Integraba el ejército hoplítico todo aquél de entre los politai (ciudadanos con plenos derechos) que estaba en condiciones de costearse los gastos que ocasionaba la panoplia (conjunto formado por coraza, escudo, yelmo, grebas, espada y lanza) y su mantenimiento. Disciplina y entrenamiento son exigencias de este sistema en el que la fuerza reside en el conjunto y no en el individuo como en el sistema antiguo. Lo auténticamente novedoso es la formación cerrada en cuerpos de alineaciones perfectas y el principio ideológico que relaciona a una milicia organizada con la participación en ella en calidad de politai, a través de los derechos y deberes inherentes a la ciudadanía. Es el ejército de guerreros-ciudadanos. Será a partir de fines del siglo V a.C., con la Guerra del Peloponeso, cuando se produzca el divorcio entre el guerrero y el soldado que antes iban unidos en igual medida en cada individuo. A medida que la guerra se prolonga, los ejércitos de hoplitas ya no estaban formados exclusivamente por ciudadanos pertenecientes a las clases elevadas, sino que se introdujeron primero los thetes (en Atenas) y posteriormente se recurre a los esclavos. En Esparta algunos ilotas son liberados y utilizados como soldados por Brásidas, si bien esta práctica se había realizado con anterioridad en contadas ocasiones. En este contexto es necesario tener en cuenta la causa de la intensificación del mercenariado, que no se debe sólo a la carencia de personal para la guerra, sino que tenemos que recordar el hecho fundamental de la prolongación de la guerra en la práctica totalidad de la Hélade. También aumentarán las exigencias de una mayor especialización, como lo demuestra el papel cada vez más importante y generalizado, tras esta guerra y durante el siglo IV a.C., que desempeñan las tropas ligeras (pelstatas). Podemos afirmar que la moral, así como la táctica del ejército se transforma:
a) En primer lugar, mientras que en el ejército hoplita el ciudadano que participaba en las batallas lo hacía por encontrarse encuadrado en la comunidad cívica y su equipamiento se hallaba en relación a sus estatus social y político, en el ejército mercenario la única moral que prima es que el general pueda pagar a sus tropas, y su armamento se relaciona con su especialización en un cuerpo militar concreto (infante pesado o ligero en todas sus variantes, caballero).
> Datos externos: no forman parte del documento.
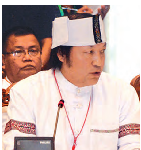
ဦးနီထန်ကပ်၊ ဥက္ကဋ္ဌ(ချင်းတိုးတက်ရေးပါတီ)

ရေးက အောင်မြင်လာမယ်။ ယုံကြည်မှုရှိလာမယ်။ ခဏခဏတွေ့မှ ယုံကြည်မှုရမယ်။ ယုံကြည်မှု အလုပ် တွဲလုပ်လို့ရမယ်။ အလုပ်လုပ်မှ တိုင်းပြည်က တိုးတက်မယ်။
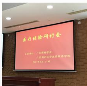
承办医疗保险研讨会
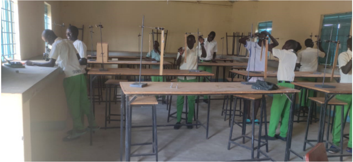
Die Schüler der St. Patrick's Boys Secondary School in Nadapal stellen mit ihrem Lehrer die naturwissenschaftlichen Geräte im Labor auf
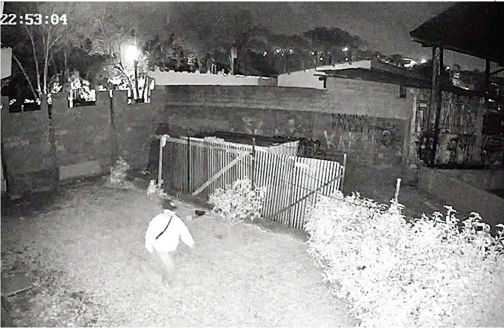
Ele foi flagrado por câmeras de monitoramento invadindo o local

Assim, a equipe deu voz de prisão e o conduziu para delegacia, onde foi apresentado à autoridade policial, que determinou a prisão em flagrante por furto qualificado.
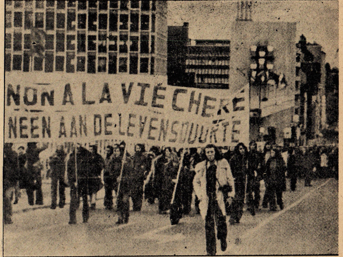
Silahlanmayı protesto eden Belçika işçileri.

«Vietnam bize yirminci yüzyılın ikinci yarısında silahlı beyaz adamların artık üçüncü dünya devletlerinin geleceğini tavin edemeyeceğini öğretti... Dünyada
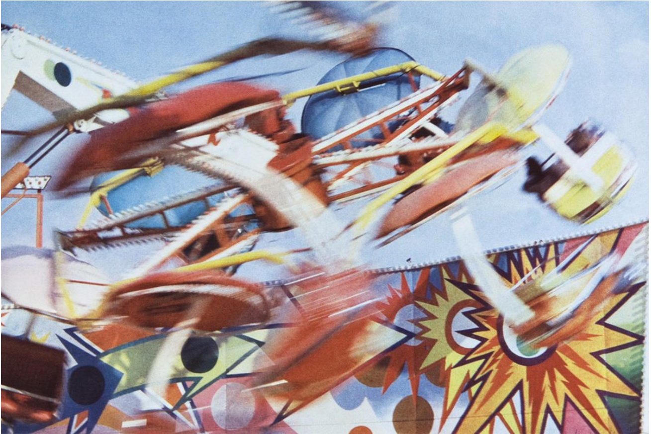
John Batho, Manège , 1979, Artothèque du CRP/, © John Batho
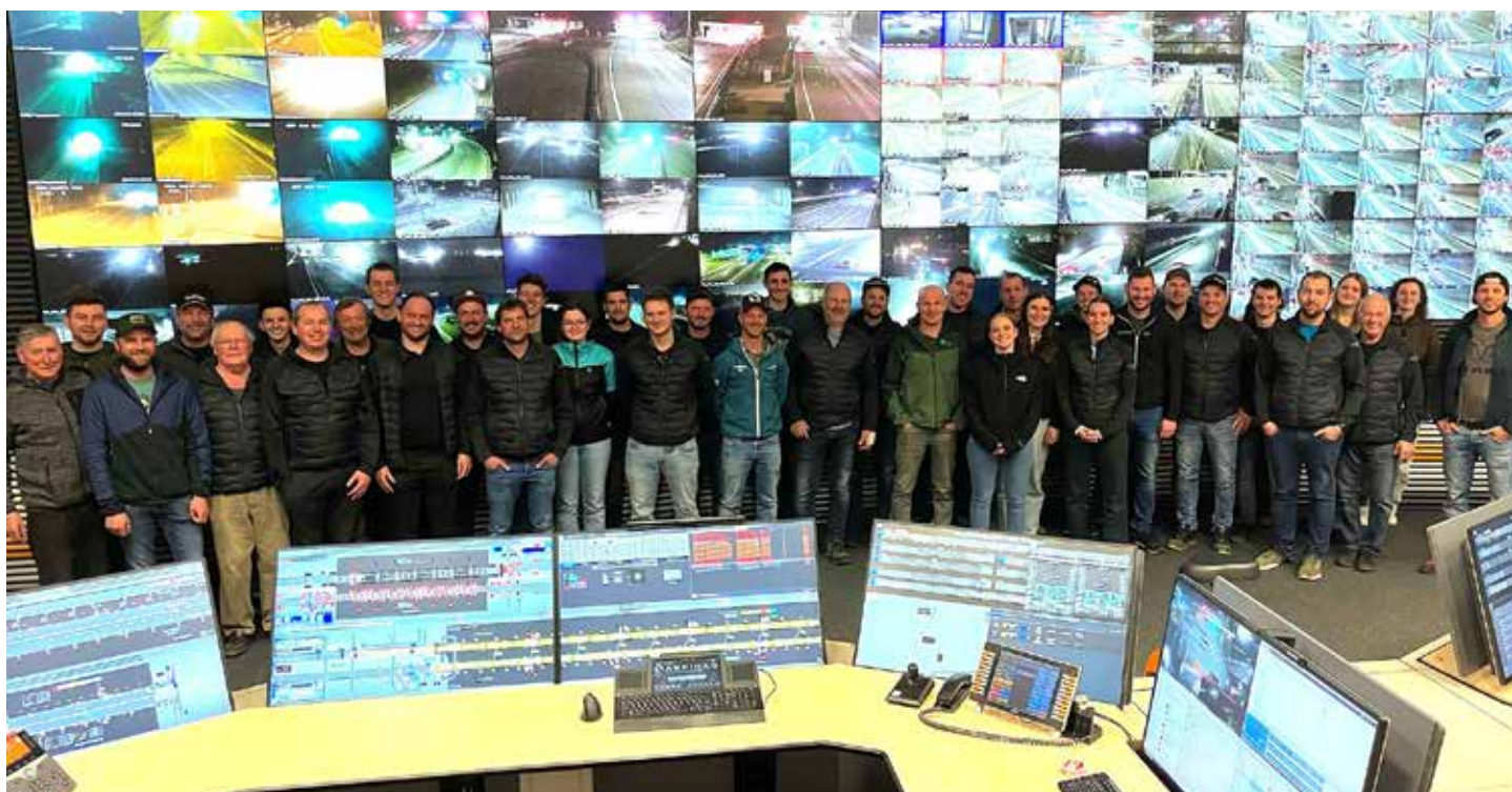
Unser Mannschaftsstand per 01.01.2026: 51 Mann und 9 Frauen aktiv, ein Mann passiv, zwei Kameraden als Ehrenmitglied und ein Ehrenkommandant - insgesamt 63 Mitglieder.

Wir freuen uns über viele Zuschauer und Unterstützung bei den Bewerben!
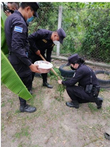
11: Estudiantes del Técnico en Ciencias Policiales.

En el desarrollo de este contexto la IV Promoción por equivalencia inicio su proceso en los meses de enero y febrero 2022. Con la distribución de 105 estudiantes divididos en 11 equipos de trabajo, los cuales investigaron en su sector de patrullaje o incidencia beneficiar a un grupo de personas que requirieran la implementación de un proyecto social a corto plazo. Esto dio pie a desarrollarse los siguientes proyectos realizados :
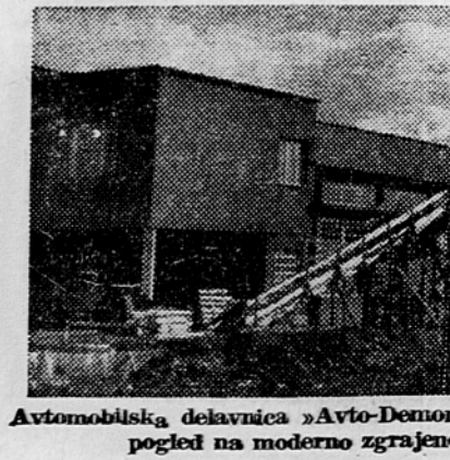
Avtomobilski delavnic »Avto-Demont« v Dubravi pri Zagrebu. Zunanji pogled na modernu zgrajeno in opremljeno delavnico.
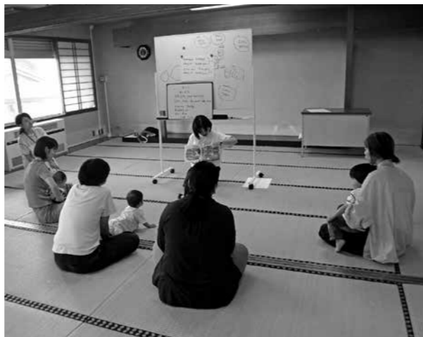
子育て支援センター「読み聞かせ&おしゃべり会」の様子

理、運営を担う体制、人材確保等を考え、慎重に検討する必要がある。 JR及位駅などの周辺環境については、地域の皆様のご意見も伺いながら、及位インター周辺エリアがどうあるべきか、引き続き検討する。

b) La segunda transformación es la referida a la antigua solidaridad necesaria para que la lucha alcanzara un buen fin; en el caso de los mercenarios, al estar en general más especializados en las tácticas de las tropas ligeras, practicaban una lucha más abierta y eran menos dependientes de la masa de los hombres. c) En relación al punto anterior está el viraje de la táctica. Frente a la honorable táctica hoplítica, la que utilizan las tropas ligeras se basa principalmente en la realización de emboscadas y en el factor sorpresa; para ponerla en práctica, sus operaciones exigen estar muy preparadas, bien comandadas y ser ejecutadas con rapidez y determinación. Tampoco se utiliza el enfrentamiento directo de los combatientes, sino que por ejemplo cuando se utiliza el arco o la honda, el tirador debe encontrarse lo mejor cobijado posible. Un ejemplo de estas tácticas lo encontramos en la toma de Micaleso (Beocia) por una tropa de peltastas tracios a sueldo de los atenienses durante la Guerra de Peloponeso: tomaron la ciudad por sorpresa y mataron a todos sus habitantes, incluidos ancianos, mujeres y niños, según Tucídides. El horror que causó este asalto fue motivado tanto por la masacre como por la forma de realizarse, ajena a las honorables reglas de la guerra entre hoplitas. d) Finalmente, con el ejército de mercenarios, el poder de los altos mandos es fuertemente individualizado y en la práctica tenían el campo libre para el ejercicio de la autoridad, mientras que con anterioridad el poder era institucional y civil, no individualizado y militar.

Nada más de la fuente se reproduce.